> Recorded data:
▶
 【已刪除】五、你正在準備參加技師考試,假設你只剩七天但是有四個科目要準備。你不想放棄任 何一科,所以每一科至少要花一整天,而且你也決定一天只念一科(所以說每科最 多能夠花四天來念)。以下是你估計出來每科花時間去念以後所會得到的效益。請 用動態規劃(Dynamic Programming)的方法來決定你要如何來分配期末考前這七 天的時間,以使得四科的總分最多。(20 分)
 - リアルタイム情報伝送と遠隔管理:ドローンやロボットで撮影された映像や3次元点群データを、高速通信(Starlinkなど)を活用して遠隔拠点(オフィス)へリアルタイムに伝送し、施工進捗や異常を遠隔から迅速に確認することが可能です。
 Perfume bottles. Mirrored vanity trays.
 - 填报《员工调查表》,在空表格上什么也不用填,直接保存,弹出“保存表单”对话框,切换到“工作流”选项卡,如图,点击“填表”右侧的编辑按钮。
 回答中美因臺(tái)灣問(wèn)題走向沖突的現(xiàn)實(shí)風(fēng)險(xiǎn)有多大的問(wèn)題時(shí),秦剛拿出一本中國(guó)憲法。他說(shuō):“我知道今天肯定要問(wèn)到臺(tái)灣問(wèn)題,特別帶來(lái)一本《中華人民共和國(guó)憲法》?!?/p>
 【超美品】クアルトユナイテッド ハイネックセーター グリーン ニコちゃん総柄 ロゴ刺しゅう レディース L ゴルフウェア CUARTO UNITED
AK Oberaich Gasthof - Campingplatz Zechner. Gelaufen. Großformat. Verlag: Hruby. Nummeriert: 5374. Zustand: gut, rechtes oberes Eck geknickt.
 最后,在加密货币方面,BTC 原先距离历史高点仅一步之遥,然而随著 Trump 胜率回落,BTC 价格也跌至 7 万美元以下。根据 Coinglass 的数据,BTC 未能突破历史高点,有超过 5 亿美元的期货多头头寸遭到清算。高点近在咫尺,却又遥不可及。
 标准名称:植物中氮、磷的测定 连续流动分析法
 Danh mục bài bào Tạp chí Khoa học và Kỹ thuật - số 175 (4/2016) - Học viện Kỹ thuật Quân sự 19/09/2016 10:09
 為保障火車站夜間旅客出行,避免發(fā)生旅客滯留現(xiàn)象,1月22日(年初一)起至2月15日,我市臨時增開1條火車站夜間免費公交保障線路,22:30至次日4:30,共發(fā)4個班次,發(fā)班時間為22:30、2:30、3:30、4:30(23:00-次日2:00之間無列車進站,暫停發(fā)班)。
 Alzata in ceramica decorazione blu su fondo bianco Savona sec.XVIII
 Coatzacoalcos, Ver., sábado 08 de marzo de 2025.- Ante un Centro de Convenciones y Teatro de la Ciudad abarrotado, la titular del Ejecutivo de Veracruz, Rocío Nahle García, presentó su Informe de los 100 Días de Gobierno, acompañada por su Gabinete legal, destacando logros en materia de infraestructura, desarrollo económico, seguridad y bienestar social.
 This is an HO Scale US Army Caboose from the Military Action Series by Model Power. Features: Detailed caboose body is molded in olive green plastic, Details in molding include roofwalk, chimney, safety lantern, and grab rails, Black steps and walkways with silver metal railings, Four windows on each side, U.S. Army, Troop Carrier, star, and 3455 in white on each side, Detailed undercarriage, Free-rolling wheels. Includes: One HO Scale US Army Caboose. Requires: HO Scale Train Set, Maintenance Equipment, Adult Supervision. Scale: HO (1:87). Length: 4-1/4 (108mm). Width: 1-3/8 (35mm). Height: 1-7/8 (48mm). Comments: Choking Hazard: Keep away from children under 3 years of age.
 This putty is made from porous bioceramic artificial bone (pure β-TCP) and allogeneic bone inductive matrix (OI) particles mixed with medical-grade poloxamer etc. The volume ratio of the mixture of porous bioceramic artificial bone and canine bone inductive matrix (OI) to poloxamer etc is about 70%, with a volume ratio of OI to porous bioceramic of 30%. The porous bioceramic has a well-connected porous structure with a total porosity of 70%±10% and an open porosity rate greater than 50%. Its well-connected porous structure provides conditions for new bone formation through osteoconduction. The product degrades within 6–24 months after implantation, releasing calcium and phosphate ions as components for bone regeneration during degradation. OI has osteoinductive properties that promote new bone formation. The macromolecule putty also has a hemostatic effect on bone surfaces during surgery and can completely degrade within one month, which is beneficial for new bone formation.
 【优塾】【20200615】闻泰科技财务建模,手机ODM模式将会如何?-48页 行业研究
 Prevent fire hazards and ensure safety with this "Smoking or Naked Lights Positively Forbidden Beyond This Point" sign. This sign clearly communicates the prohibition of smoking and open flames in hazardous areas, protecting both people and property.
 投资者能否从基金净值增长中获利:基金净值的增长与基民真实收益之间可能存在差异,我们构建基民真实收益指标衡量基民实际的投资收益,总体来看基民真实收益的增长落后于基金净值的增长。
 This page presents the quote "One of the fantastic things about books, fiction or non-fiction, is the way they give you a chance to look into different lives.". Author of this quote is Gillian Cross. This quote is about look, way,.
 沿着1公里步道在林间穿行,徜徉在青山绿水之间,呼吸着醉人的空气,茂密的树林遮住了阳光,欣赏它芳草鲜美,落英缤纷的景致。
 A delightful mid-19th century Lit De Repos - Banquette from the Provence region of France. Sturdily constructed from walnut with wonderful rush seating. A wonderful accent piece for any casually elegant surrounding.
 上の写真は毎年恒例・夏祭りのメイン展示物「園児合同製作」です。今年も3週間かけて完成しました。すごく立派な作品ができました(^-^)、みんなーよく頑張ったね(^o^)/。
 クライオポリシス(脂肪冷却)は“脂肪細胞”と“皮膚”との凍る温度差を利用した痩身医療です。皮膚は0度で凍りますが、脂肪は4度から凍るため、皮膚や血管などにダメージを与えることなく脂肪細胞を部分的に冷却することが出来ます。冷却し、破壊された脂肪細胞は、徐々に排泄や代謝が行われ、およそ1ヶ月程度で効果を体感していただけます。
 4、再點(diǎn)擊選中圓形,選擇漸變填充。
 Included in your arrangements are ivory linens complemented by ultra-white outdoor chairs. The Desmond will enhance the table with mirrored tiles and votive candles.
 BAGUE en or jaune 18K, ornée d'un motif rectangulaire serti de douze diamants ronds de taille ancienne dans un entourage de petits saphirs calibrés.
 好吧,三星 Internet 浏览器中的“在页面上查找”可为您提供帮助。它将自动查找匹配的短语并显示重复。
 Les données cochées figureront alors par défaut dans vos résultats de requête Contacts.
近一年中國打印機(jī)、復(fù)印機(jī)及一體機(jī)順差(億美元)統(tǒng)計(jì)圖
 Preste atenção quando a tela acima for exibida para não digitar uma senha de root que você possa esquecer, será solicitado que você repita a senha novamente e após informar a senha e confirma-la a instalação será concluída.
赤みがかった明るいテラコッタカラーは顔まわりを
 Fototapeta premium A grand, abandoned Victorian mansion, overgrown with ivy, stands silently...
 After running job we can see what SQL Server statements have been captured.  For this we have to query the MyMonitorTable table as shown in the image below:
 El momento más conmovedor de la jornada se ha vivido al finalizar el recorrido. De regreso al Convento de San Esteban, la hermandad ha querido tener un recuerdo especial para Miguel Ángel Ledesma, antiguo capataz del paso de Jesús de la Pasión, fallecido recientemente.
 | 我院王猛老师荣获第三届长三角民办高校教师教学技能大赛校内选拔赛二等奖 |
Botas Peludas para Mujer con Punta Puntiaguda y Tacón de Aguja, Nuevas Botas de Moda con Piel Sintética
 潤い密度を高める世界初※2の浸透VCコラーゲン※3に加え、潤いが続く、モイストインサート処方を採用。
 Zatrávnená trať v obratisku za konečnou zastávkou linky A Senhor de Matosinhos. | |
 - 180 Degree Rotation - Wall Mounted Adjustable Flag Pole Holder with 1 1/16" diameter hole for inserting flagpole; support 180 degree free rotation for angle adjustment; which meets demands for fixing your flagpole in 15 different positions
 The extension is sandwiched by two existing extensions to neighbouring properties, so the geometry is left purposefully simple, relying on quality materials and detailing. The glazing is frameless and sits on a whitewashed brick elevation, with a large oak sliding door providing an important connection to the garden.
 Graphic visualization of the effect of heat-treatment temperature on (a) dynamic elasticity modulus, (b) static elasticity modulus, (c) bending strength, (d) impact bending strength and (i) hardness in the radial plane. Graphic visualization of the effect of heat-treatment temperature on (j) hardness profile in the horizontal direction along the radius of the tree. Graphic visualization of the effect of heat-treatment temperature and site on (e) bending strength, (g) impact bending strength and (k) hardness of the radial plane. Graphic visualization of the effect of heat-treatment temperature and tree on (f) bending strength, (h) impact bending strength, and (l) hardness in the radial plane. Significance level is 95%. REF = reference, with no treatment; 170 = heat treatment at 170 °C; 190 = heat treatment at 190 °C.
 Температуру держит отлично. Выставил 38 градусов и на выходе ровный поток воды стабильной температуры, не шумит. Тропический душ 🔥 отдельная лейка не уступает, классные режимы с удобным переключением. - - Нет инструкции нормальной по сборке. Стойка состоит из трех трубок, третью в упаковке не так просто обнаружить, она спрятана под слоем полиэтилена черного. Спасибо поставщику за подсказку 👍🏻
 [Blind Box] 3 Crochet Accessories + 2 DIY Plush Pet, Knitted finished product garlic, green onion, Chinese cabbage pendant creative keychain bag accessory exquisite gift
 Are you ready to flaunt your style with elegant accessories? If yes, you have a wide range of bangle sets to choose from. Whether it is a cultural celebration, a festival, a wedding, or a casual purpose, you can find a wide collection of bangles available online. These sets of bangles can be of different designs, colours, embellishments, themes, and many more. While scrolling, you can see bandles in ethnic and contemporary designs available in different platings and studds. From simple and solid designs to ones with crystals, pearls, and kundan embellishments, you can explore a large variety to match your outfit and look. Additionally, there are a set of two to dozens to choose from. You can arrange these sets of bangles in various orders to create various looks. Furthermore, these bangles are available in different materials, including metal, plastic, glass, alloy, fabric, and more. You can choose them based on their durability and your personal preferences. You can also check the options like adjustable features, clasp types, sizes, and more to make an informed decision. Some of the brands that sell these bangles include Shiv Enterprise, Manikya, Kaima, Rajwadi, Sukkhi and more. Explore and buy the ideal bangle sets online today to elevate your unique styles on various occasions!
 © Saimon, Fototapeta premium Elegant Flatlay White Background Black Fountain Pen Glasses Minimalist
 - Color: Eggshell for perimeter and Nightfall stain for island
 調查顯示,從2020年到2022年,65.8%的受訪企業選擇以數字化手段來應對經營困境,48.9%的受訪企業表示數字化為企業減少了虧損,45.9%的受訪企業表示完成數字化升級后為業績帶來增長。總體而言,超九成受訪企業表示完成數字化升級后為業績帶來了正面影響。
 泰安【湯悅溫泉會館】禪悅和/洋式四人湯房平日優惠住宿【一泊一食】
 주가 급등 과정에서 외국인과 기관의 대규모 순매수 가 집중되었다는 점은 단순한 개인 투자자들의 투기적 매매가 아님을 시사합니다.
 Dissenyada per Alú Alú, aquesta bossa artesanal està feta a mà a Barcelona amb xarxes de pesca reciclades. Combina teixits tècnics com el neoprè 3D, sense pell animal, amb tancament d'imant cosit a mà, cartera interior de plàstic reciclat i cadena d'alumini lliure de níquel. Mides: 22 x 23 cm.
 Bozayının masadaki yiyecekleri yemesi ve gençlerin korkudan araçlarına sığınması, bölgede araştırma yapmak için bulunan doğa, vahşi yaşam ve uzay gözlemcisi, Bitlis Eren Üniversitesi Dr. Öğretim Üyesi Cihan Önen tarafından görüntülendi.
◀
Give the lines exactly as they stand, from the line with "泰安【湯悅溫泉會館】禪悅和/洋式四人湯房平日優惠住宿【一泊一食】" through the end of the material.

 泰安【湯悅溫泉會館】禪悅和/洋式四人湯房平日優惠住宿【一泊一食】
 주가 급등 과정에서 외국인과 기관의 대규모 순매수 가 집중되었다는 점은 단순한 개인 투자자들의 투기적 매매가 아님을 시사합니다.
 Dissenyada per Alú Alú, aquesta bossa artesanal està feta a mà a Barcelona amb xarxes de pesca reciclades. Combina teixits tècnics com el neoprè 3D, sense pell animal, amb tancament d'imant cosit a mà, cartera interior de plàstic reciclat i cadena d'alumini lliure de níquel. Mides: 22 x 23 cm.
 Bozayının masadaki yiyecekleri yemesi ve gençlerin korkudan araçlarına sığınması, bölgede araştırma yapmak için bulunan doğa, vahşi yaşam ve uzay gözlemcisi, Bitlis Eren Üniversitesi Dr. Öğretim Üyesi Cihan Önen tarafından görüntülendi.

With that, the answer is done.